The captives industry has become a force to be reckoned with over the past five years, according to a report from AM Best.

It said over the five year period ending in 2003, net written premiums grew by 45%, and admitted assets by nearly 29%.

But it said the growth led to a concurrent increase in loss reserves of nearly 35%.

Despite this, there was a considerably smaller increase in surplus levels of 2%, said AM Best. As a result, while the underwriting risk covered by captives has grown, it has come at the cost of increasing leverage.

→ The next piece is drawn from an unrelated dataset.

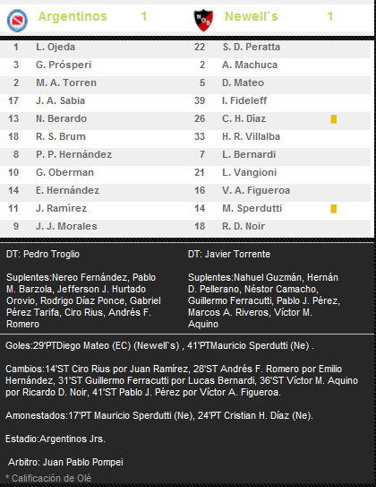 La lepra suma 5 partidos sin conocer la derrota. Desde la caída ante Boca (próximo rival) en la fecha 16 del Torneo pasado, la lepra empató en 4 oportunidades y ganó 1 (a Colón en la últma fecha). Pero fuera de casa NOB no gana desde la fecha 12 del Clausura 2011 (2-1 frente a Gimnasia en La Plata - Foto), en total 4 partidos sin conocer la victoria de visitante.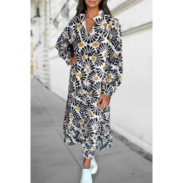 This pattern was inspired by the silhouettes of Indian palace doorways created during sunsets. This light black and white dress, was block printed using the DABU technique, which is a mud resist. The dress is ever so soft and feels so luxurious to touch. The buttons are made of coconut shells - making it a perfectly sustainable dress. Style it up with a belt or wear it as is for a a more relaxed look. - printed using carved wooden block - dyed in natural dyes - color: black - fabric: Modal - size: Length: 47" | fits sizes 0-20 (XS - 2XL) - 2 pockets! - buttons: made of coconut shells - Aya is 5' 2 CARE: Hand wash for the first few washes or Machine Wash on Gentle Cycle in cold water. Lay Flat to Dry. Iron if necessary.

The company warned that captive insurers are not immune to the vagaries of the insurance market, nor from the financial impact of incurred losses. AM Best said the last several years had been both a challenge and an opportunity for the captive market.

AM Best said it anticipates that captive insurers will remain focused on underwriting profitability commensurate with their mandate to act as the insurer of their parent organizations.

It also said market conditions might improve underwriting results as some of the high retentions necessitated by recent reinsurance pricing will be reduced as more reasonable terms and conditions become available again.

Additionally, captives are not excluded from the insurance industry concerns for the continuation of the federal Terrorism Risk Insurance Act (TRIA) program affecting most commercial writers.

Over the next several years, if commercial insurance rates continue to decline, captives might lose a share of their business and will need to respond with lower rates or product enhancements, warned AM Best.

The report it available to download from www.bestweek.com.